Toxicities of the chest wall include chest wall pain, fibrosis of soft tissue, and rib fracture [28]. Rib fracture can be asymptomatic and is found incidentally on follow-up CT examination. Approximately 50 % of patients with rib fracture are reported asymptomatic [29]. Therefore, the incidence of rib fracture might be underestimated in early retrospective series. Including asymptomatic rib fracture, the incidence is reported 30–50 % in the patients after SBRT in recent literatures [29, 30]. Figure 13.3 shows a case with asymptomatic rib fracture after SBRT. The chest wall toxicity is more likely to be observed in patients with periphery located lung tumors close to the chest wall (≤1.8 or 2.0 cm) [29, 31]. Dunlap et al. report that the chest wall volume receiving more than 30 Gy predicts risk of severe pain and/or rib fracture [30]. In studies focusing on the rib dose, high dose volume including maximum dose and D2cc is well correlated with the risk of rib fracture [29, 32].

Regarding chest wall pain, Welsh et al. report that 25 % of patients treated with SBRT experienced chest wall pain, and many of them had no rib fractures. They also found that body mass index (BMI) and diabetes were strong predictors for the development of chest pain [33]. By contrast, the incidence of grade 2 or higher chest wall pain is reported very low in Japanese SBRT series [29, 34]. Difference in BMI or diabetes rate between nationalities might be a cause of the difference of symptomatic presentation.
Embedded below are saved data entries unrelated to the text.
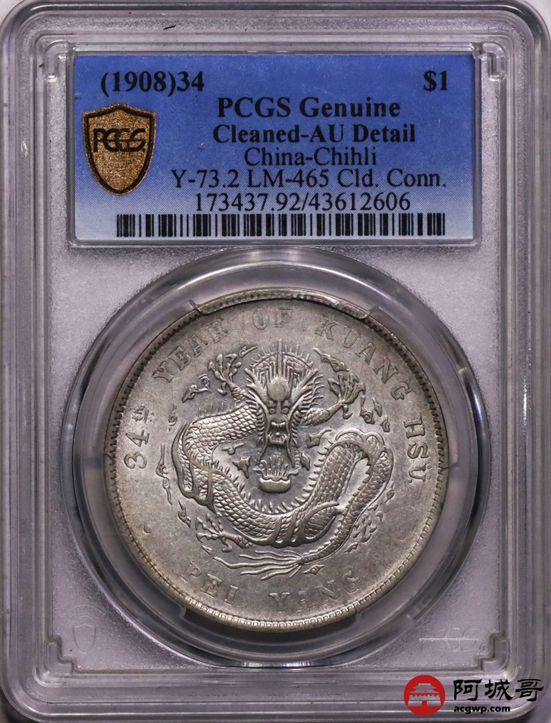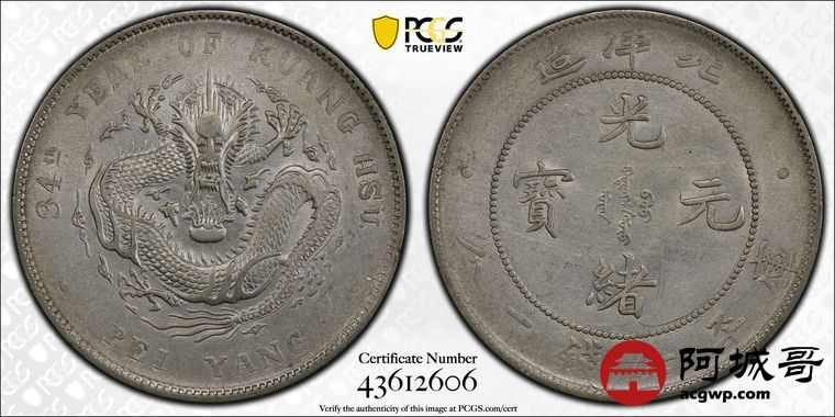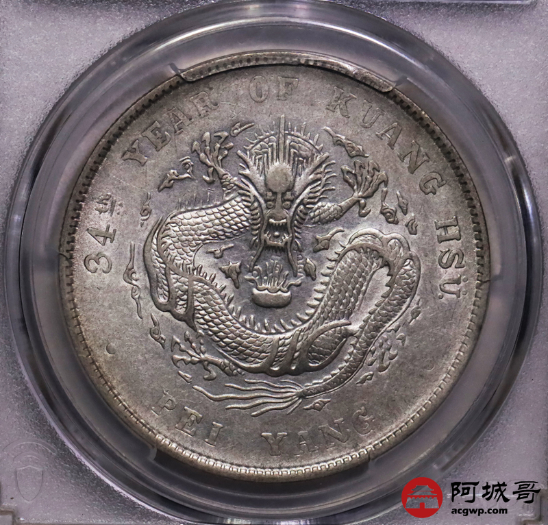 Lot:20 深打 满龙鳞 北洋34七钱二分 PCGS AU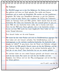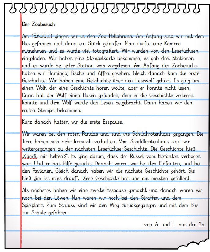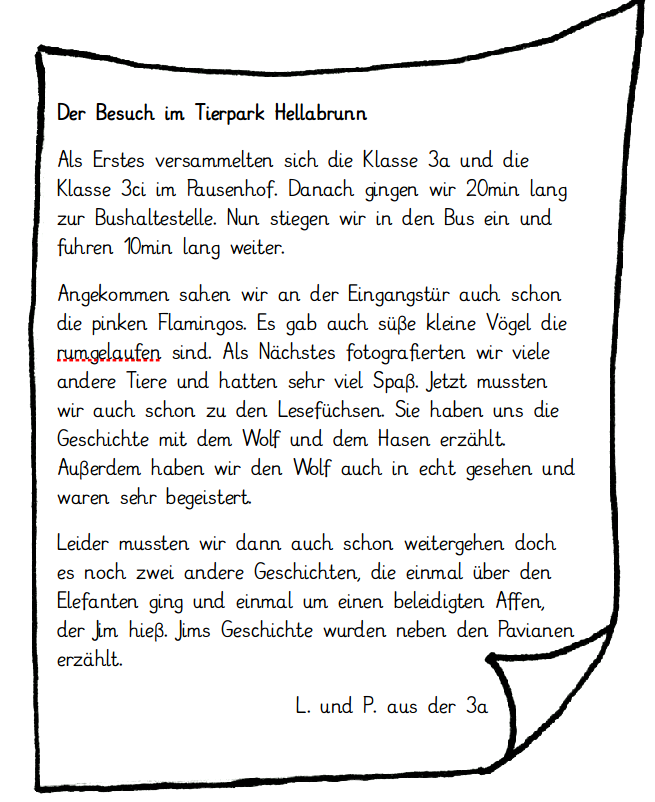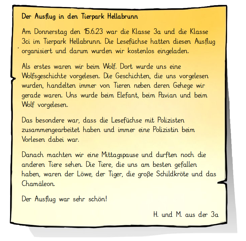 Die Kinder der 3a berichten begeistert von unserem Ausflug (Text zum Vergrößern anklicken):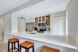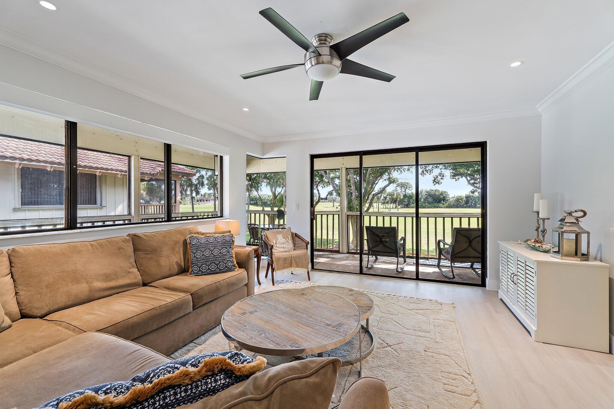 Welcome to 438 Brackenwood South, a beautifully renovated, fully furnished, 2-bedroom, 2-bath Golf Villa located in the heart of PGA National. This bright and stylish 2nd floor, corner residence offers sweeping views towards the Championship Course -- home to world-class golf and breathtaking vistas.The interior has been completely updated with modern finishes, luxury flooring, and a sleek open-concept kitchen featuring quartz countertops, custom cabinetry, and stainless steel appliances. Both bathrooms have been fully reimagined with elegant tilework and designer fixtures.Enjoy peaceful mornings and relaxing evenings on your private balcony overlooking the fairways, surrounded by lush landscaping and the tranquil beauty of PGA National.Ideal as a primary residence,investment property this move-in-ready villa offers easy access to resort amenities, five championship golf courses, a world-class spa, tennis, pickleball, and fine dining all just minutes from top beaches, shopping, and Palm Beach International Airport.

Brachial plexus is an organ-at –risk in patients with lung tumors at apical locations. Tolerance dose of the brachial plexus in SBRT using high fractional doses is not well known. Recent investigation from Indiana University reported that 7 of 36 patients (19 %) with apical lung tumors who were treated with SBRT using median dose of 57 Gy in 3–4 fractions experienced Grade 2–4 brachial plexopathy after the treatment (range 6–23 months). The 2-year rate of brachial plexopathy is documented 46 % for maximum dose > 26 Gy versus 8 % for ≤ 26 Gy [35]. In the RTOG trial (0618), dose constraint for brachial plexus is defined ≤ 24 Gy (8 Gy/fraction).